I am using lirc on my computer. Randomly it tells me that port 03f8 is already in use:

lirc_dev: IR Remote Control driver registered, major 61

lirc_serial: port 03f8 already in use

lirc_serial: use 'setserial /dev/ttySX uart none'

lirc_serial: or compile the serial port driver as module and

lirc_serial: make sure this module is loaded first

/etc/init.d/lircd is starting in boot, as depend() I programmed it as "need serial" - so this module should be loaded first 

start() is programmed as 

/sbin/modprobe lirc_serial

start-stop-daemon --start --quiet --exec /usr/sbin/lircd -- ${LIRCD_OPTS}

This configuration sometimes works, sometimes it does not. 

E.g. sometimes 

rmmod 8250_pnp

rmmod 8250

/etc/init.d/lircd stop

reboot

helps.

So my question is now: which module is blocking 3f8. Or maybe something is hard-compiled into the kernel configuration.

Thanks for any advice,

HolmLast edited by holm74 on Wed Feb 10, 2010 6:08 pm; edited 1 time in total

----------

## holm74

Took a bit long but here for everybody who has same problems:

setserial -g /dev/ttyS* should give you an overview about your COM-Ports: if no module occupies the COM-Port the list should look like this:

/dev/ttyS0, UART: unknown, Port: 0x03f8, IRQ: 4

/dev/ttyS1, UART: unknown, Port: 0x02f8, IRQ: 3

/dev/ttyS2, UART: unknown, Port: 0x03e8, IRQ: 4

/dev/ttyS3, UART: unknown, Port: 0x02e8, IRQ: 3

In my case /dev/ttyS0 was not in the list, /proc/tty/driver/serial showed me that ttyS0 was blocked with 

0: uart:16550A port:000003F8 irq:4 tx:0 rx:0

randomly. The reason was that I had some problems in the past with the new 2.6.32 kernel: so I used the .config from Knoppix where everything worked fine. Disadvantage: 16550A was also enabled. Doing a  find /usr/src/linux/ -name Makefile | xargs grep -i 16550  - finding CONFIG_SND_SERIAL_U16550 - and disabling this module - sometimes solved the problem. 
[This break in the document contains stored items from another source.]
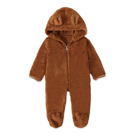 DNDKILG Newborn Infant Baby Toddler Long Sleeve Zip Up Footies for Girl Boy Cotton Winter Warm Fleece Hooded Romper Brown 0-18M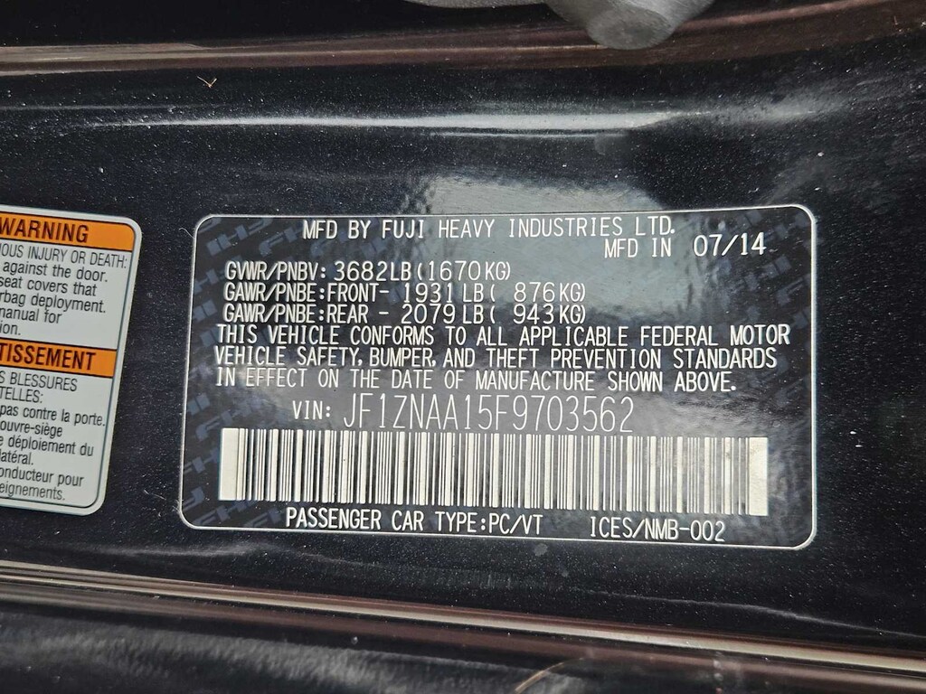 RWD 6-Speed Manual D-4S 2.0L H4 DOHC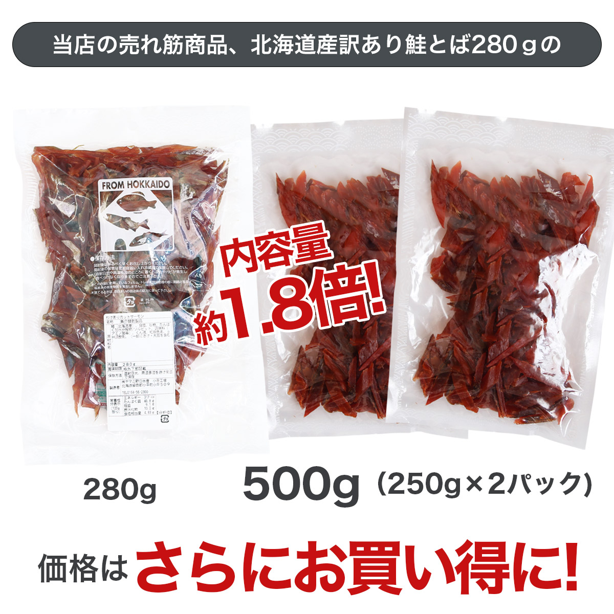 送料無料 北海道産 カットサーモン 500g 鮭 しゃけ シャケ とば トバ 鮭とば 鮭トバ 珍味 おつまみ 鮭とば500g(250g×2パック ) 北海道産 業務用 とば おつまみ さけとば 鮭トバ 珍味 北海道 つまみ 常温 皮なし 鮭 しゃけ カットサーモン シャケ 乾物 乾き物 酒の肴 サーモン お取り寄せグルメ おやつ 日本酒 ビール (n-s-006) 商品詳細 商品名北海道産 カットサーモン 内容量500g(250g×2パック) 原材料鮭(北海道産)、食塩、砂糖、たんぱく質加水分解物/ソルビット、調味料(アミノ酸等)、くん液、紅麹色素、pH調整剤、(一部にさけ・大豆を含む) 賞味期限製造日から90日 保存方法直射日光、高温多湿を避け常温で保存 製造者(株)ヤマニ野口水産 宅配便に変更で配送早め&ギフト対応可 選択してください このまま送料無料 +650円で宅配便に変更 沖縄・離島の場合、送料+650円(宅配便) 了承して注文する 宅配便へ変更の場合、送料は別途ご連絡いたします 了承して注文する ご自宅のポストへ投函されます 了承して注文する お届け先が違う場合は予め相手方にご連絡をお願いいたします 了承して注文する 複数注文の場合は、発送方法についてご相談する場合があります 了承して注文する 再配達の場合は別途送料が発送します 了承して注文する ギフト対応ご希望の際はご注文の際、備考欄にご入力ください 了承して注文する 在庫状態 : 在庫有り ¥5,800(税込) 数量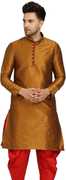 This luxury traditional Indian Art Silk Loop Button kurta includes a top (kurta) .There is traditional Indian design that adds beauty to this set. Loose fitting sleeves and slits along the sides allow for an easy fit and let air circulate freely through the garment. Loose comfortable fitting makes it a great wear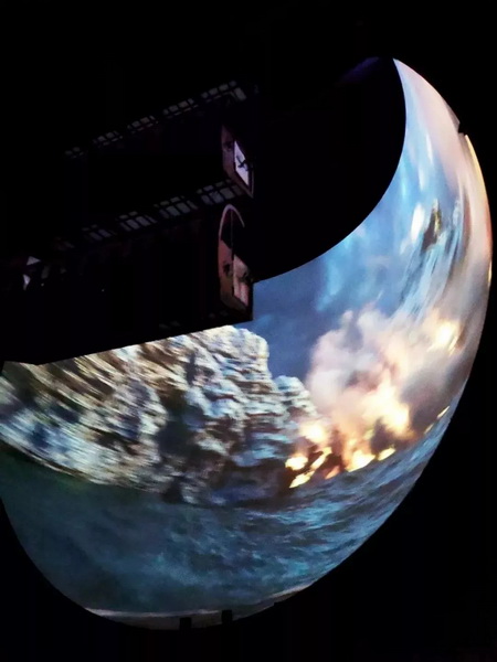 絲路探險(xiǎn)區(qū)的“鄭和寶船”外觀仿造中國明代著名航海家鄭和下西洋時(shí)期的巨船,在船頭與船尾的仿真船艙內(nèi)分別設(shè)有2套碗幕沉浸影院,通過全方位模擬電閃雷鳴、狂風(fēng)驟雨下逼真的特效影像。該方案在寬達(dá)23米的幕上由1臺NEC 40000LM激光工程投影機(jī)+定制魚眼鏡頭投射影像,取代了之前多機(jī)位融合的方案,不僅僅能保證畫面的一致性,并且省去了大量的后續(xù)維護(hù)成本,是目前大型球幕、碗幕非常理想的解決方案。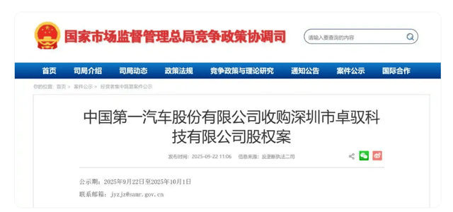近日,国家市场监督管理总局官网披露了一则重要股权交易信息:中国第一汽车股份有限公司计划通过增资方式,收购New Territory所持有的深圳市卓驭科技有限公司70.65%股权。交易完成后,一汽股份将持有卓驭科技35.80%的股份,成为其第一大股东,而New Territory的持股比例则降至34.85%。这一战略布局,标志着传统汽车巨头与智能驾驶新锐企业的深度绑定。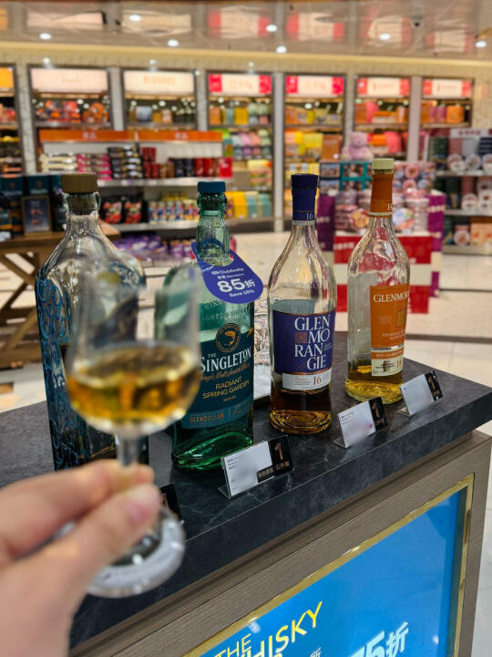 往里走两步,居然有免费品鉴台!顶级威士忌任尝!🥃精爱好者狂喜!我tasting了Glenmorangie 入口🍯蜂蜜、香草、熟透的水果香!超丝滑层次感绝了!爱了!

At the end I could restart lirc with 

rmmod 8250_pnp

rmmod 8250

modprobe 8250

/etc/init.d/serial restart

/etc/init.d/lircd restart

setserial -g /dev/ttyS* showed everything correct. But at the end http://www.vdr-wiki.de/wiki/index.php/Gentoo_LIRC gave another advice: 

Device Drivers  --- Character devices ---  Serial drivers  ---  < > 8250/16550 and compatible serial support should be disabled. Rebuilding the kernel, rebooting and lirc works on the box, not randomly anymore.

Hope this helps Gentoo-Users in future time

Holm

----------